| What you have to do |
Aside from the pictures, the entries should be given again exactly.

Data entries:
● ● ● ● ● ● ●

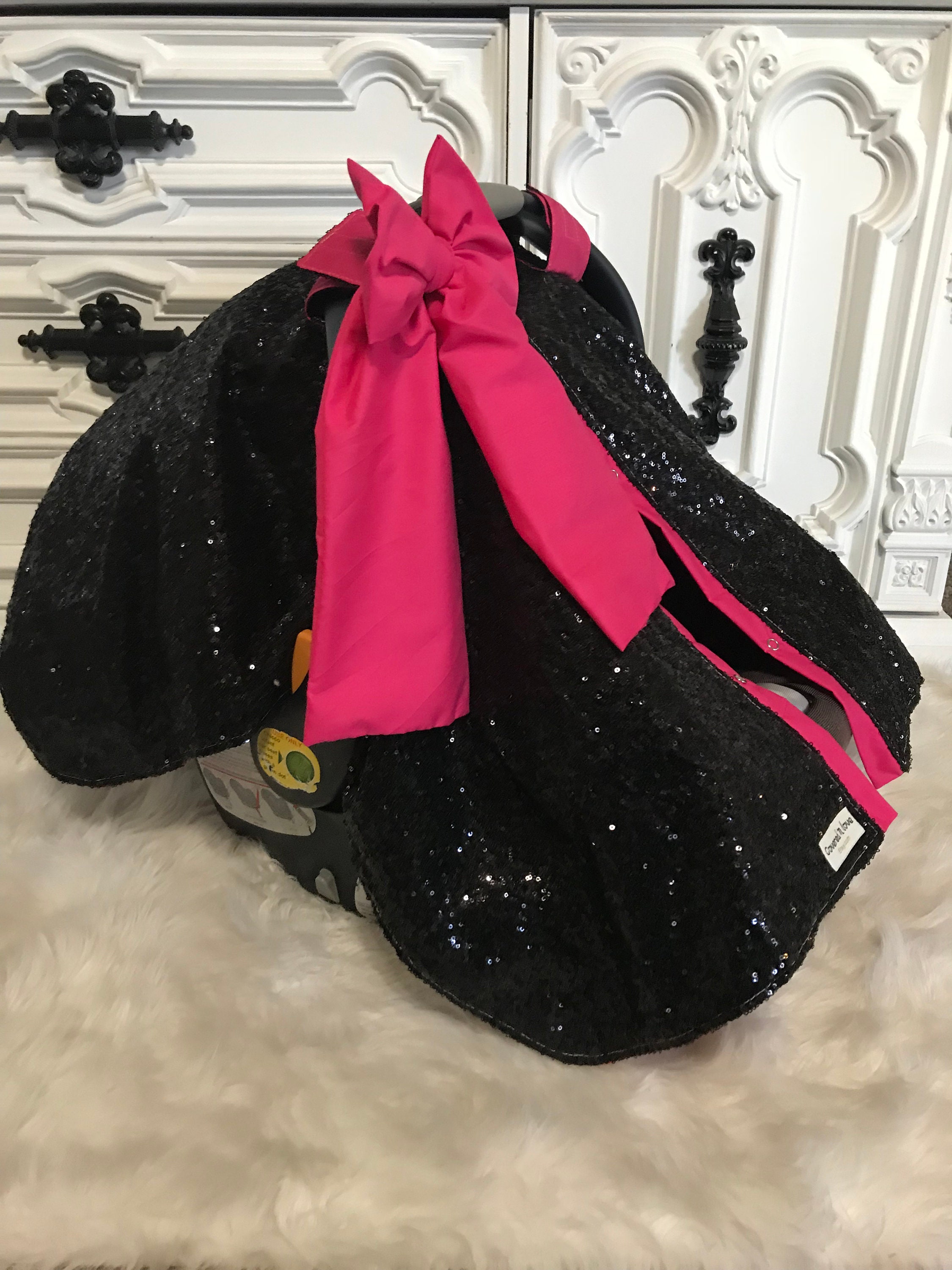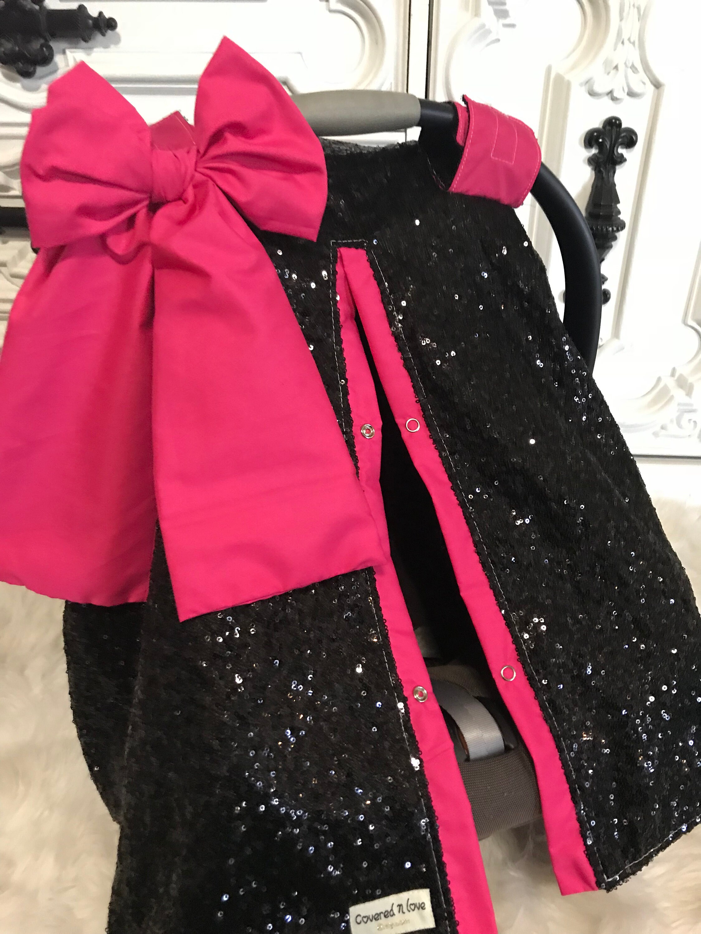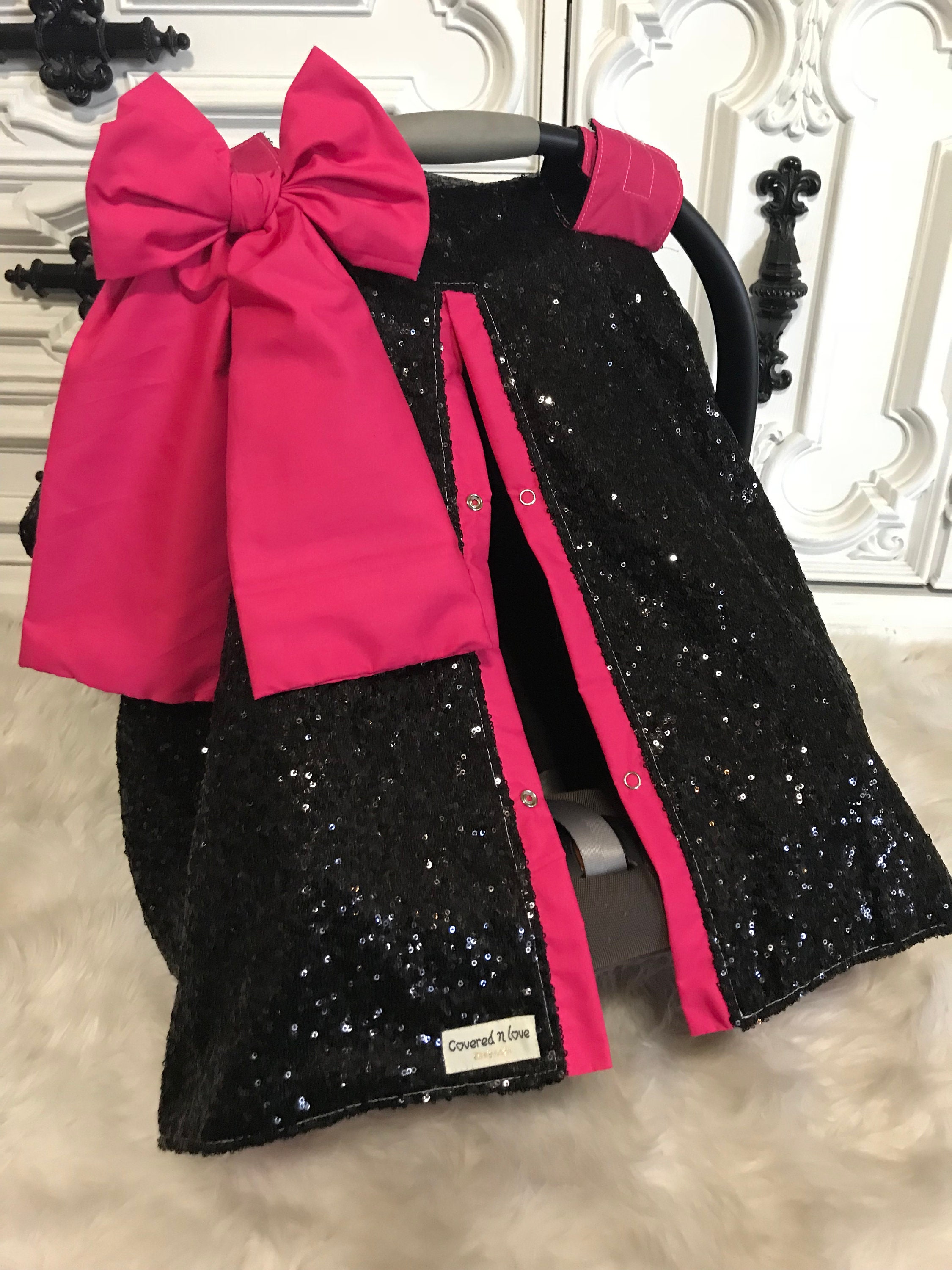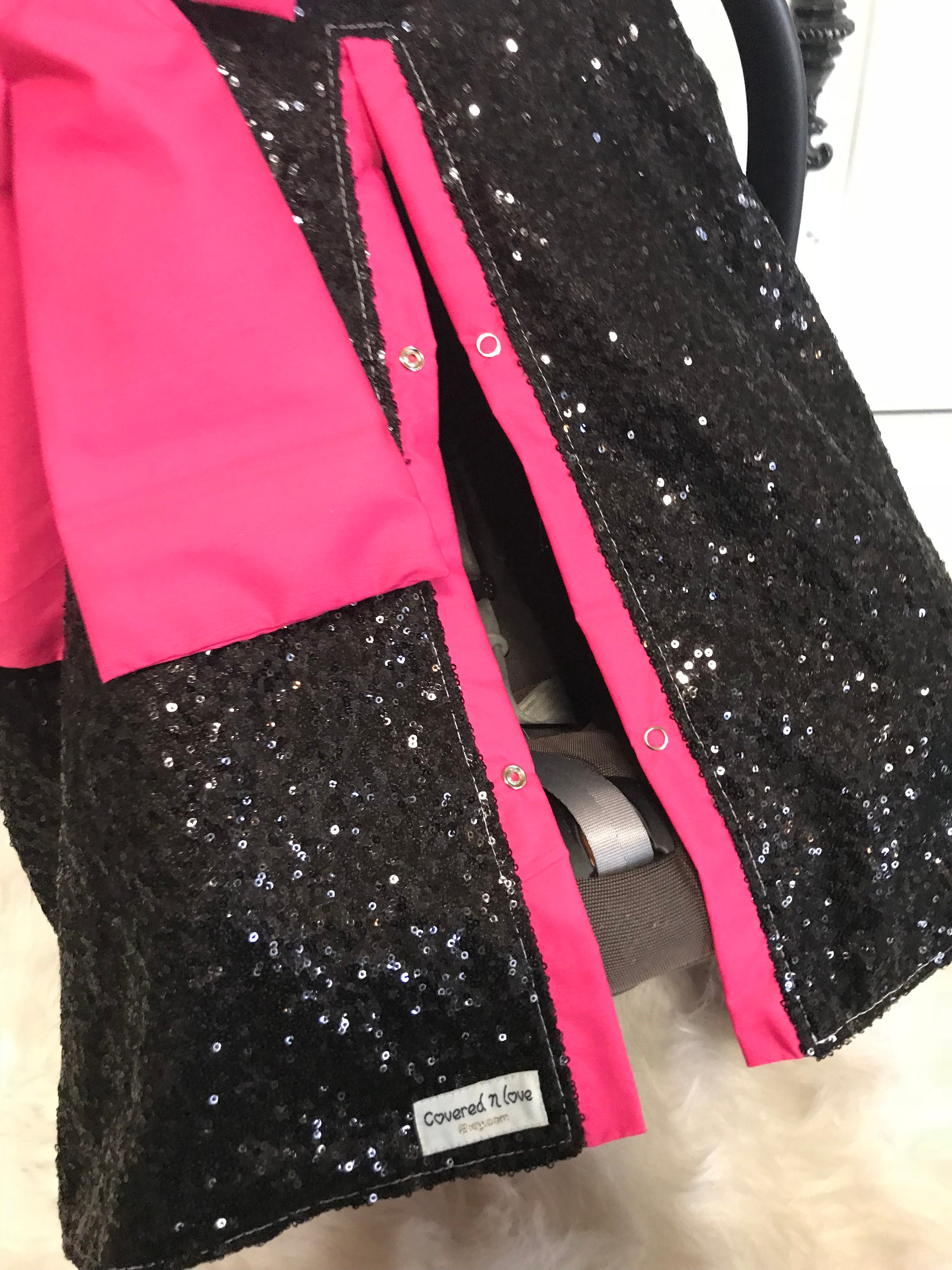 Black and Hot Pink sparkle car seat canopy / carseat cover / carseat canopy / ooak / sequin / infant car seat cover / silver / sparkle
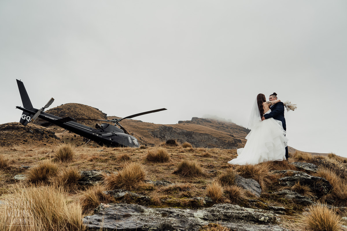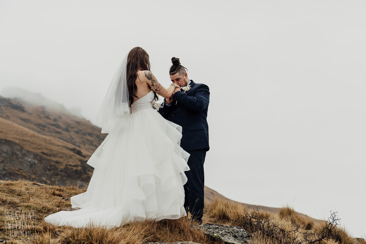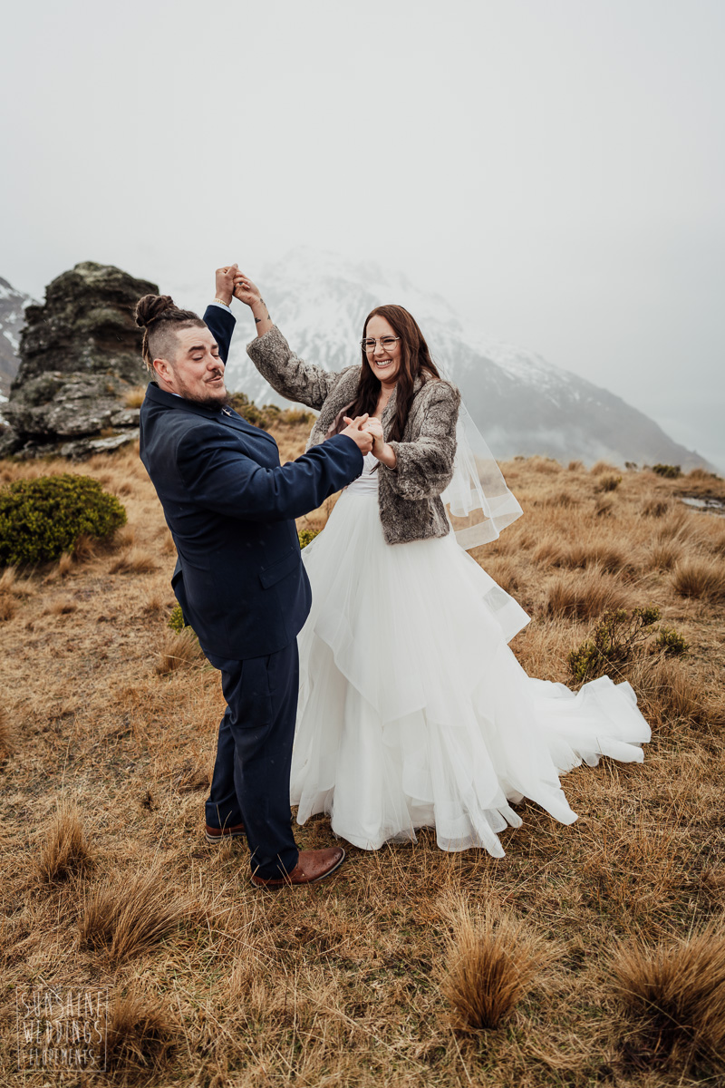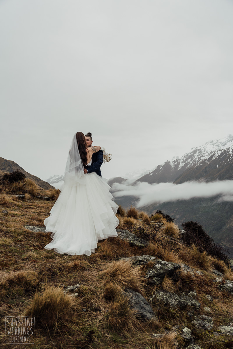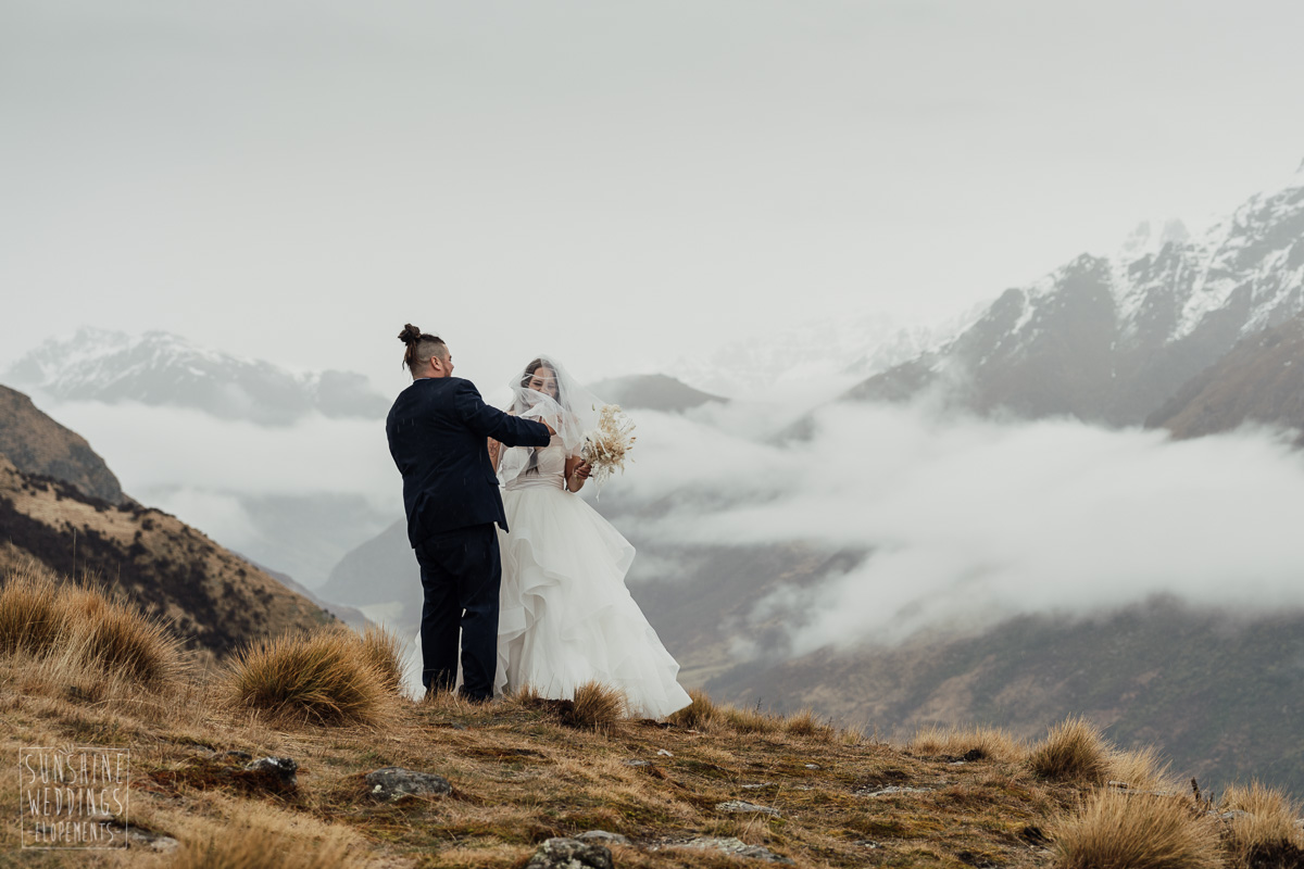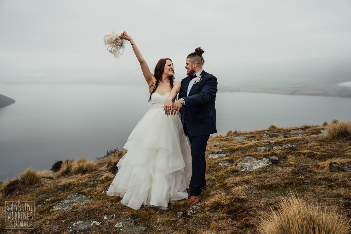 We couldn’t get to the higher peaks due to low cloud and wind so Scott and the pilot found them a couple of sheltered spots at Round Hill and then Bayonet Peak instead. First a snowy mountain backdrop for their ceremony, then with great views across Lake Wakatipu for some more time exploring and a photo shoot.
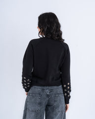 This studded sleeve sweatshirt is the perfect blend of comfort and style, making it a versatile addition to any wardrobe. Available in neutral tones, it’s ideal for creating effortlessly cool outfits for any occasion.
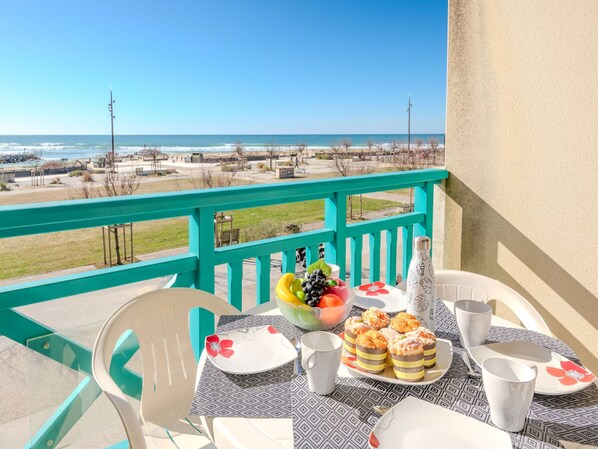 2-Zimmer-Wohnung 38 m2 im 2. Stock. Zweckmässig eingerichtet: Wohn-/Esszimmer mit 1 Doppeldiwanbett und TV (Flachbildschirm), Radio, CD und DVD. Ausgang zum Balkon. 1 Zimmer mit 1 franz. Bett (1 x 140 cm, Länge 190 cm). Kochnische (4 Kochplatten, Mini-Backofen, Geschirrspüler, Mikrowelle). Dusche, sep. WC. E-Heizung. Balkon. Balkonmöbel. Sicht auf das Meer. Zur Verfügung: Waschmaschine. Internet (WLAN, extra). Parkplatz Nr. 18. Bitte beachten: Maximal 1 Haustier/Hund erlaubt. TV nur FR. Rauchmelder.
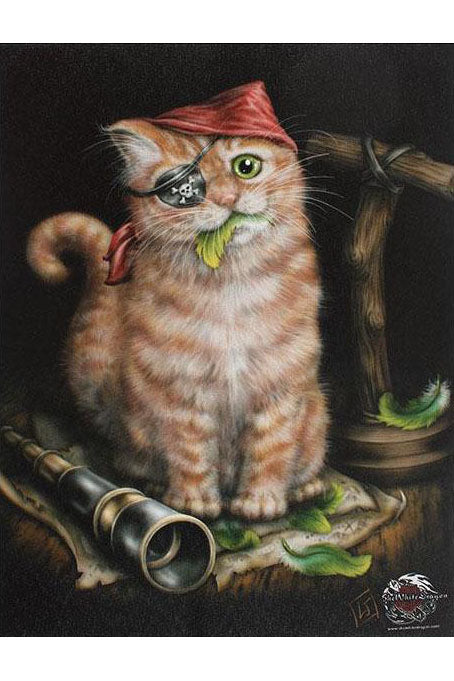 Prepare to be captivated by the adorable scallywag in Linda Jones' "Pirate Kitten" picture at Angel Clothing! This purrfectly piratical artwork features a fluffy kitten dressed as a pirate captain, complete with an eye patch, a tricorn hat, and a tiny treasure chest. Rendered in the whimsical style of Welsh fantasy artist Linda Jones, this picture is sure to melt the hearts of kitten lovers and pirate enthusiasts alike.

● ● ● ● ● ● ●

| Reply to the task |
 Black and Hot Pink sparkle car seat canopy / carseat cover / carseat canopy / ooak / sequin / infant car seat cover / silver / sparkle
 We couldn’t get to the higher peaks due to low cloud and wind so Scott and the pilot found them a couple of sheltered spots at Round Hill and then Bayonet Peak instead. First a snowy mountain backdrop for their ceremony, then with great views across Lake Wakatipu for some more time exploring and a photo shoot.
 This studded sleeve sweatshirt is the perfect blend of comfort and style, making it a versatile addition to any wardrobe. Available in neutral tones, it’s ideal for creating effortlessly cool outfits for any occasion.
 2-Zimmer-Wohnung 38 m2 im 2. Stock. Zweckmässig eingerichtet: Wohn-/Esszimmer mit 1 Doppeldiwanbett und TV (Flachbildschirm), Radio, CD und DVD. Ausgang zum Balkon. 1 Zimmer mit 1 franz. Bett (1 x 140 cm, Länge 190 cm). Kochnische (4 Kochplatten, Mini-Backofen, Geschirrspüler, Mikrowelle). Dusche, sep. WC. E-Heizung. Balkon. Balkonmöbel. Sicht auf das Meer. Zur Verfügung: Waschmaschine. Internet (WLAN, extra). Parkplatz Nr. 18. Bitte beachten: Maximal 1 Haustier/Hund erlaubt. TV nur FR. Rauchmelder.
 Prepare to be captivated by the adorable scallywag in Linda Jones' "Pirate Kitten" picture at Angel Clothing! This purrfectly piratical artwork features a fluffy kitten dressed as a pirate captain, complete with an eye patch, a tricorn hat, and a tiny treasure chest. Rendered in the whimsical style of Welsh fantasy artist Linda Jones, this picture is sure to melt the hearts of kitten lovers and pirate enthusiasts alike.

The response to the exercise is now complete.